Он был прав. Чуть в стороне от изгороди на нижних ветках деревьев сидело несколько грифов, привлеченных каким-то предметом, лежащим на земле. При нашем приближении они неохотно улетели. В траве под гигантской смоковницей лежала старая лошадь. Она была мертва, но птицы еще не тронули ее. На земле, как раз под зиявшей на шее лошади раной, натекла лужа крови. Видимо, животное было убито на этом самом месте.
— Убил-таки, — задумчиво проговорил мой спутник. — Это похоже на Холта. Мог бы ведь оставить лошадь кому-нибудь из соседей — так нет! Он, правда, ни с кем особенно не дружил, и меньше всего со мной. Я раз на празднике победил его в стрельбе. Он, должно быть, разозлился и с тех пор невзлюбил меня.
Я почти не слушал его. У меня явилась мысль — нельзя ли по этой лошади угадать время отъезда скваттера. На некотором пространстве вокруг трупа, защищенном раскидистыми ветвями смоковницы, земля была суха, а ручеек крови и образованная им лужа только слегка размазаны грифами, следы которых виднелись вокруг. Глаза животного были уже выклеваны.
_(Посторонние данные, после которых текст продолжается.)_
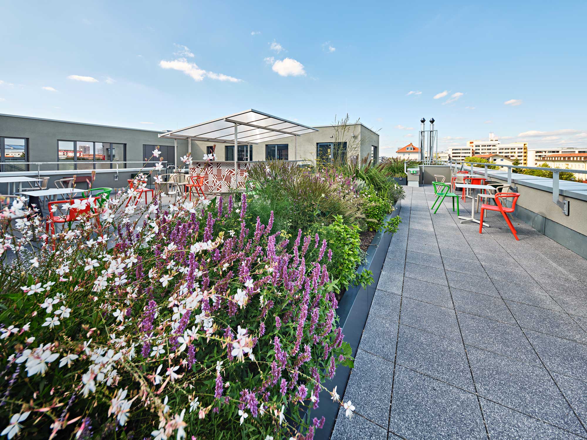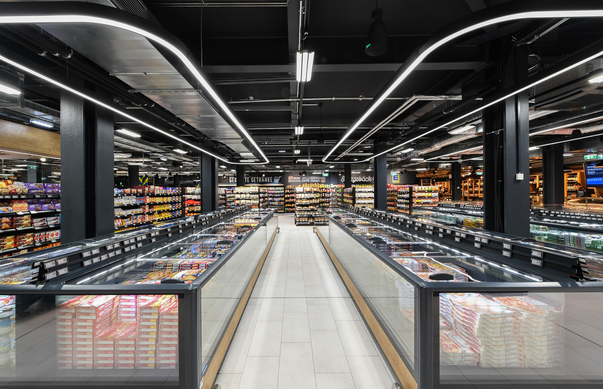 Im Erd- und ersten Obergeschoss zieht ein Supermarkt ein und die Aufstockung eines Terrassengeschosses schafft Raum für Büros. Begrünte Dachflächen, hochwertige Materialien und ein Lichthof schaffen eine unaufdringliche und zeitlose Gestaltung, welche sich in die gewachsene Umgebung nahtlos einfügt.

Все эти признаки мне, участнику походов в прериях, нетрудно было понять, так же как и опытному охотнику Уингроуву.
— Когда ее убили, по-вашему? — спросил я, указывая на лошадь.
Он тотчас понял мою мысль.
— А ведь правильно! Мне это сразу в голову не пришло. Сейчас выясним!
Охотник наклонился к самой шее лошади и, сунув пальцы в рану, подержал их там несколько секунд. Он молчал и, склонив голову набок, внимательно что-то обдумывал, потом сразу выпрямился, видимо удовлетворенный осмотром.
— Разрази меня гром, если эта лошадь не убита часа два, самое большее четыре назад! Взгляните-ка — кровь еще свежая и труп, по-моему, даже не совсем остыл.
— Значит, вы уверены, что ее убили сегодня утром?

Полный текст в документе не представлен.